Wednesday, October 18, 2006

"Live 'n' learn," or, "D'oh!"

One of the drawbacks of running a class in this format is that it's often hard to tell just how much we can "push the envelope."

We've now spent a bit of time talking about linear transformations, and I daresay most of the folks in the class are pretty adept at (1) testing algebraically whether or not a given function is a linear transformation using the defining characteristics of linear transformations, (2) determining the action of a linear transformation algebraically, given its action on a set of basis vectors, and (3) setting up a matrix which performs the given linear transformation. I know some of us have even begun to tackle the problems from Section 3.4, wherein we consider linear transformations in arbitrary "exotic" vector spaces.
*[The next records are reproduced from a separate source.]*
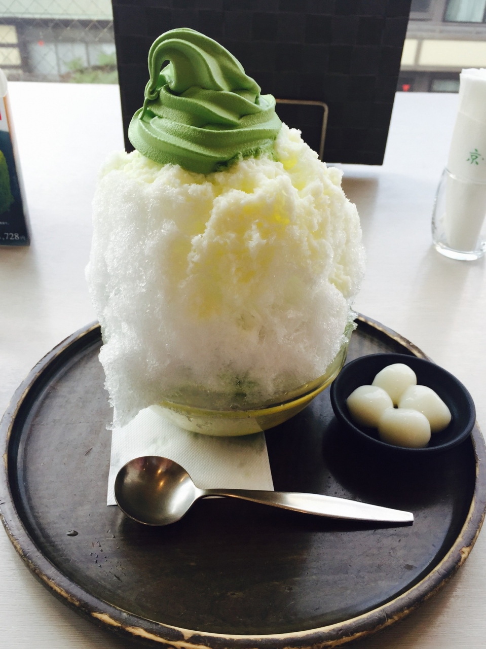 私はミルクのかき氷に抹茶のアイスが乗った普通のサイズを頼んだのですが、それでもかなり大きかったです。大きいサイズを頼んでいた方もいましたが、そちらは少し持ってくるのも大変な大きさでした。笑
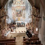 Den Auftakt des Abends gestaltete die Simsseer Alphornblos’n unter der Leitung von Margareta Zilker. Mit ihren kraftvollen, erdigen Klängen füllten sie die Kirche und schufen eine beeindruckende Atmosphäre, die das Publikum sogleich in den Bann zog. Im Gegensatz zu diesen mächtigen Tönen stand der zarte Gesang des Nußdorfer 3/4Gsangs, der mit seinen sanften Stimmen eine fast meditative Ruhe verbreitete. Die Kombination dieser beiden Klangwelten spiegelte das zentrale Thema des Abends wider: das Streben nach Einklang – mit der Natur, den Mitmenschen und Gott.
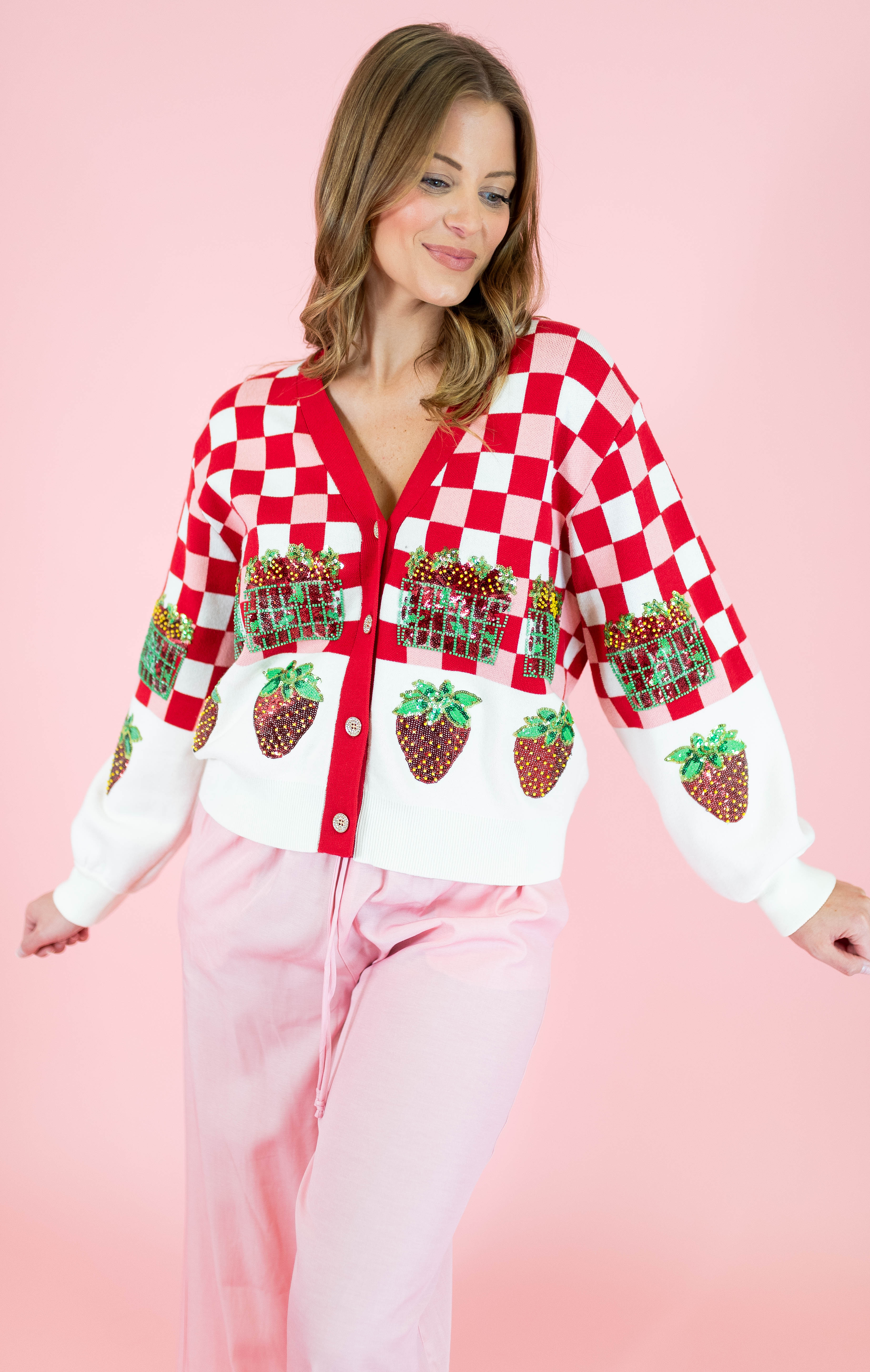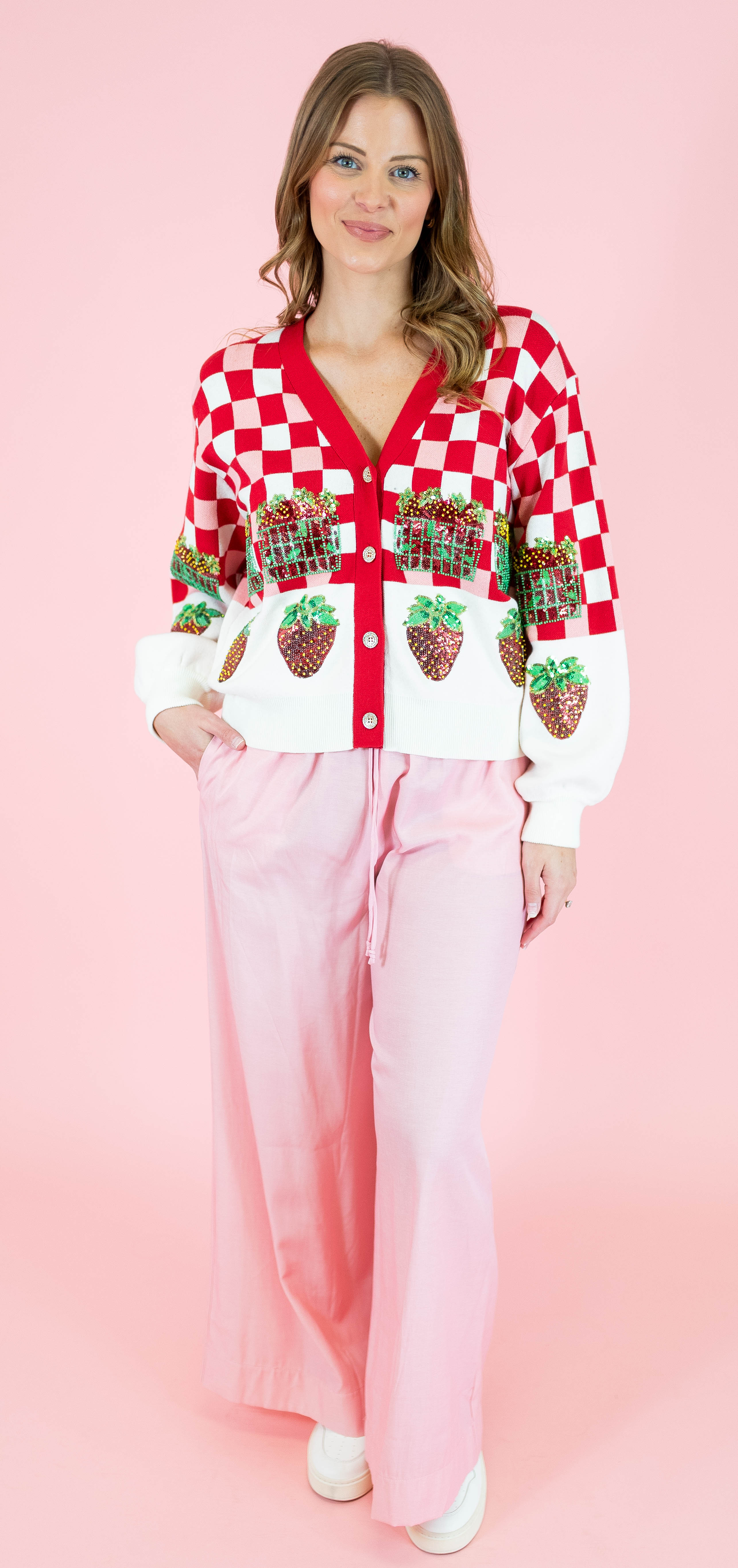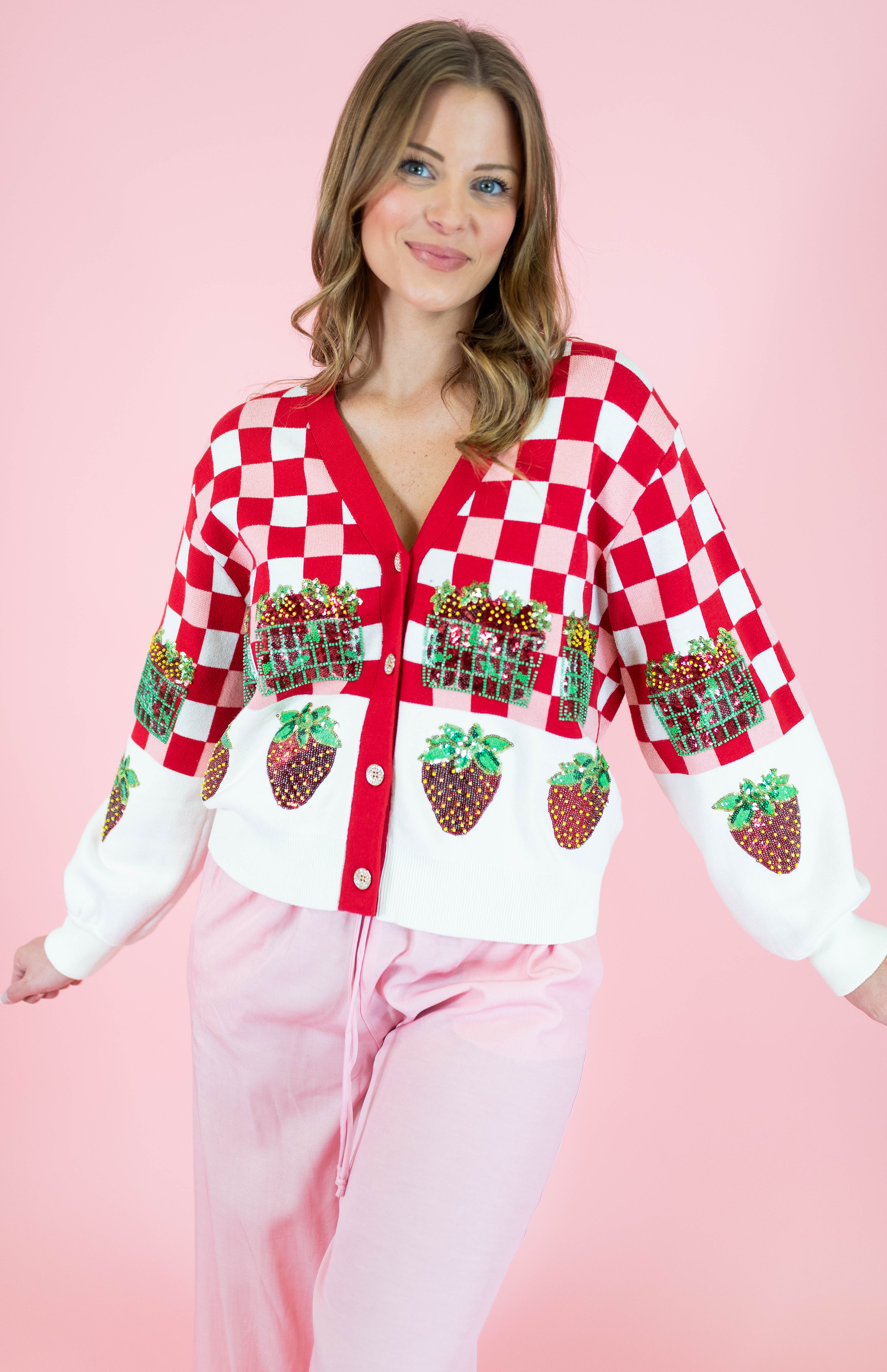 Embrace your sweetest style with this adorable Queen Of Sparkles cardigan featuring a charming red and white checkered pattern adorned with strawberry details. Perfect for strawberry season and spring adventures, this button-up layer brings whimsical fun to any outfit. The playful design captures that carefree festival spirit while the classic cardigan silhouette keeps it versatile for everyday wear. Whether you're heading to a farmers market or just spreading joy, this piece is your ticket to looking absolutely delightful.
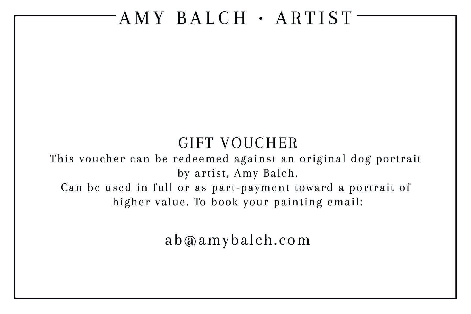 Gift card redeemable for original dog portrait art - each card can be used as full payment or part payment for an upgraded size portrait.

But there's a word which appears frequently in the previous paragraph, and that word is "algebraically": indeed, so far as a class (some of the MATH 365 folks, like the crystal-gazers and the computer graphics programmers, whose research topics are quite geometric in nature, are excepted here) we have not considered linear transformations from a geometric point of view.

While I've already received one electronic request to remedy this oversight on Friday when we have a linear transformation free-for-all, it will do no good as far as today's quiz was concerned, in which I asked a rather bold question requiring the student to translate a geometric action into a linear transformation, and thence into a matrix.

While it was an ambitious question to ask, I'm glad to see that (a) a fair percentage of people in the class answered the first portion of the question nearly (or entirely!) correctly, and (b) an even more sizable chunk of the class mastered the second portion of the question splendidly, viz., constructing a matrix to mimic the transformation once its action on a basis was known.

In retrospect, I feel that the quiz was unfairly difficult (my bad), but I hope that all will soon come to see that the question is not an unreasonable one.

Onward! let us march, into a maelstrom of matrices and a hail of linear fire, as Friday brings us to consider linear transformations as they relate to every other aspect of a vector space's structure. Onward, onward, ONWARD!